--- Task instructions ---
Return the lines below exactly, from the first line to the line that contains "Przepiękna mała, mosiężna". Leave out pictures.

--- Data ---

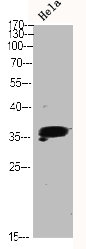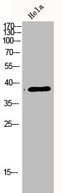 Western Blot analysis of HELA using p38 Polyclonal Antibody.
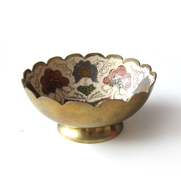 Przepiękna mała, mosiężna miseczka, pokryta wewnątrz kolorowym laminatem, ze ślicznym wzorkiem. Idealna na drobiazgi, słodycze
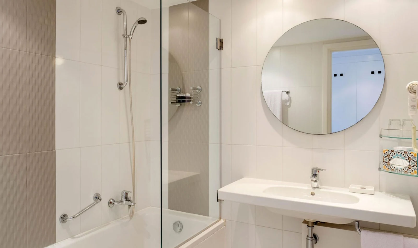 Alle Zimmer sind mit Badewanne und/oder Dusche, WC, Balkon oder Terrasse, Klimaanlage und/oder Heizung, Telefon, Fernseher, Safe, Haartrockner, Kosmetikspiegel und Mini-Kühlschrank.SafeWLANTVKlimaanlage

--- Solution to this exercise ---
 Western Blot analysis of HELA using p38 Polyclonal Antibody.
 Przepiękna mała, mosiężna miseczka, pokryta wewnątrz kolorowym laminatem, ze ślicznym wzorkiem. Idealna na drobiazgi, słodycze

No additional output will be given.